Parsing the data file incorrectly
See original GitHub issueI am currently working on a project converting EBCDIC binary file to UTF-8 text file. I am using cobrix but the output seems to be incorrect. I am using the following script to load the datafile and copyBook:
dataFrame = spark.read.format("cobol").options(copybook = copyBook).option("is_record_sequence", "true").load(filename)
The output is showing as below:
A screenshot from original data presentation from mainframe:
It looks like when parsing the data, it always skips the “EOB_FAMILY_NUM” field and that field will always be Null. Other fields are mismatched as well. I have tried adding more options like .option("rdw_adjustment", 4)

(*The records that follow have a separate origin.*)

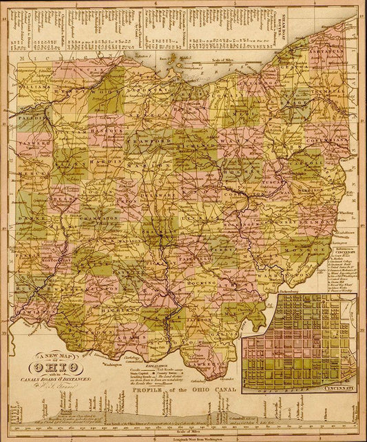 Ohio 1844 White Modern Wood Framed Art Print with Double Matting by Vintage Maps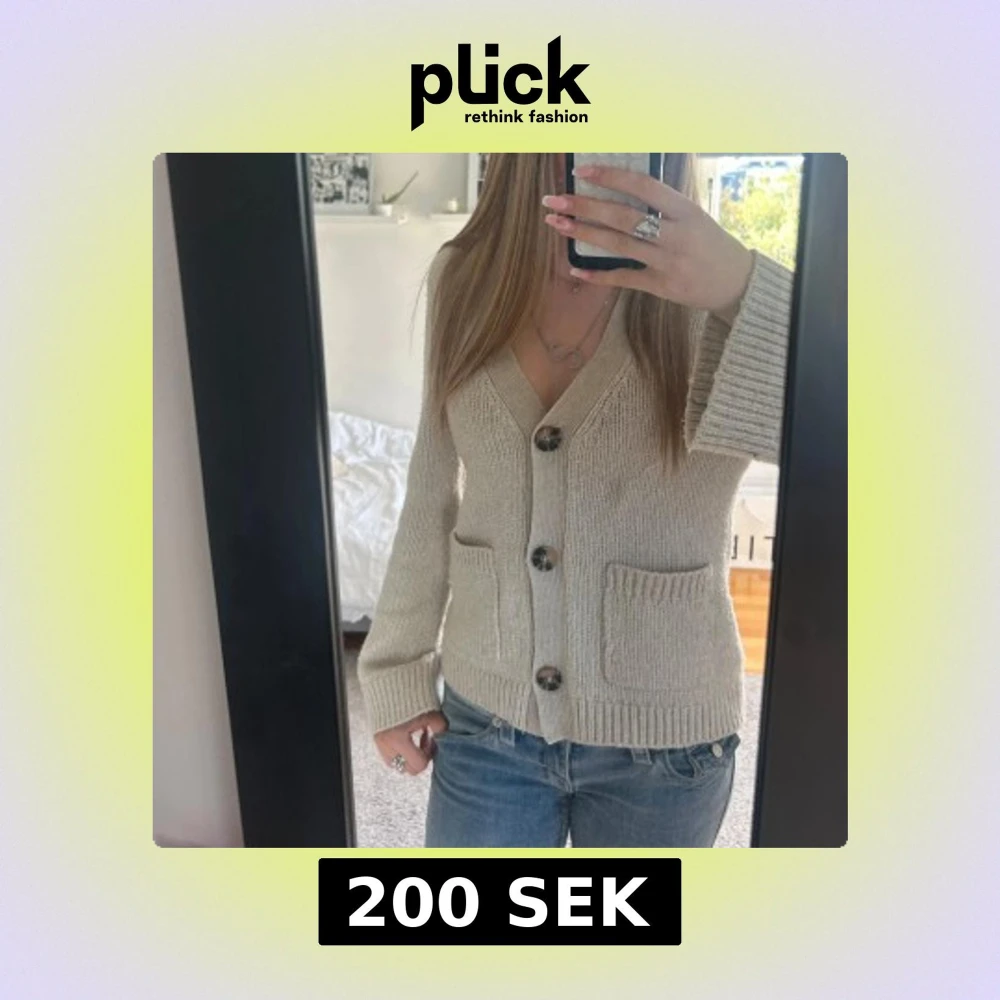 Supermysig beige stickad kofta med stora knappar framtill och två fickor. Koftan har v-ringning och långa ärmar, perfekt att slänga på sig över en t-shirt eller linne. Enkel och stilren design som passar till allt.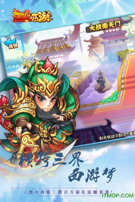 西游策略rpg大作:烈火西游携百万豪礼震撼来袭!丰富的策略战斗,让游戏告别枯燥无味!合击斗法,一秒制敌!新服登录累积赠送15万元宝,直达vip6!各路美女神仙妹妹,紫霞仙子、聂小倩、小龙女…....纷纷前来投奔,任你挑!来玩即送极品橙将:孙悟空、牛魔王、二郎神……众多神将等你挑选!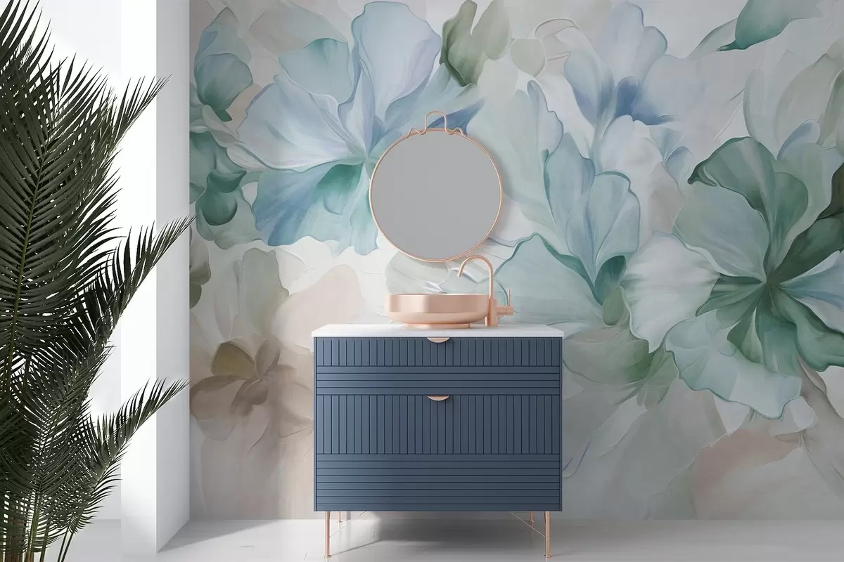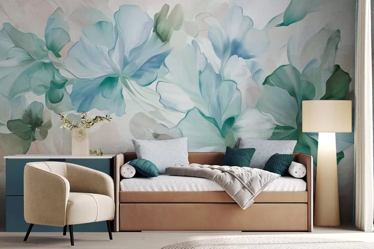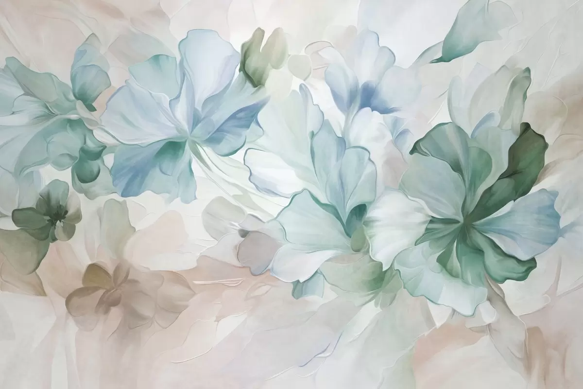Fototapetai Abstrakčios fantazijos gėlės žalios, mėlynos ir smėlio spalvų atspalviais, tapybos stiliaus, tekstūrinis menas Nr. w09767v1
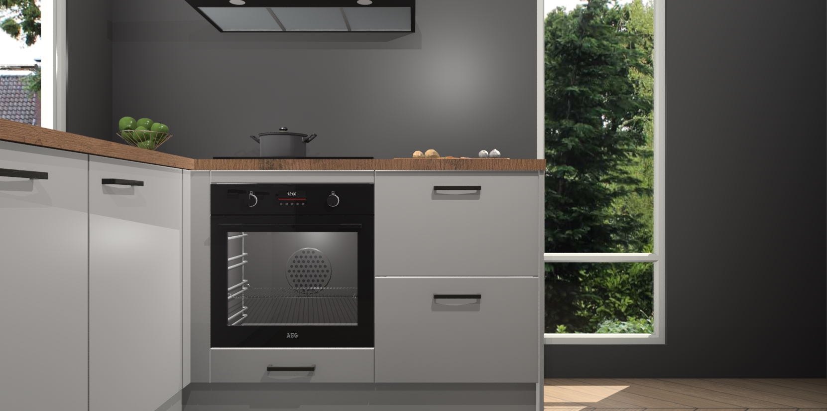 De Zijdegrijze keuken Phuket heeft alles wat u maar kunt wensen. Niet alleen zijn er softclose deuren, maar ook 5 ingebouwde apparaten: een oven, inductiekookplaat, afzuigkap, vaatwasser en koelkast - waarbij u later gemakkelijk naar het AEG merk, van inductiekookplaat naar kookplaat met geïntegreerde afzuiging of van oven naar combimagnetron kunt upgraden. Dat alles tegen een vast laag tarief! Bovendien geeft de Zijdegrijze keuken Phuket supersnelle levering van 7 weken. Echt iets voor u als u er niet op wilt wachten om het resultaat te zien in eigen keuken!

but it doesn’t solve the issue. Do you know anything I can do to solve that issues?
I also attached the copy book screenshot below:
Issue Analytics
- State:
- Created 3 years ago
- Comments:7
Top Results From Across the Web
How to Fix Photoshop Problem Parsing the JPEG Data
The above-mentioned reasons can be the causes of the Photoshop problem parsing the data. However, the main cause could be a corrupt image...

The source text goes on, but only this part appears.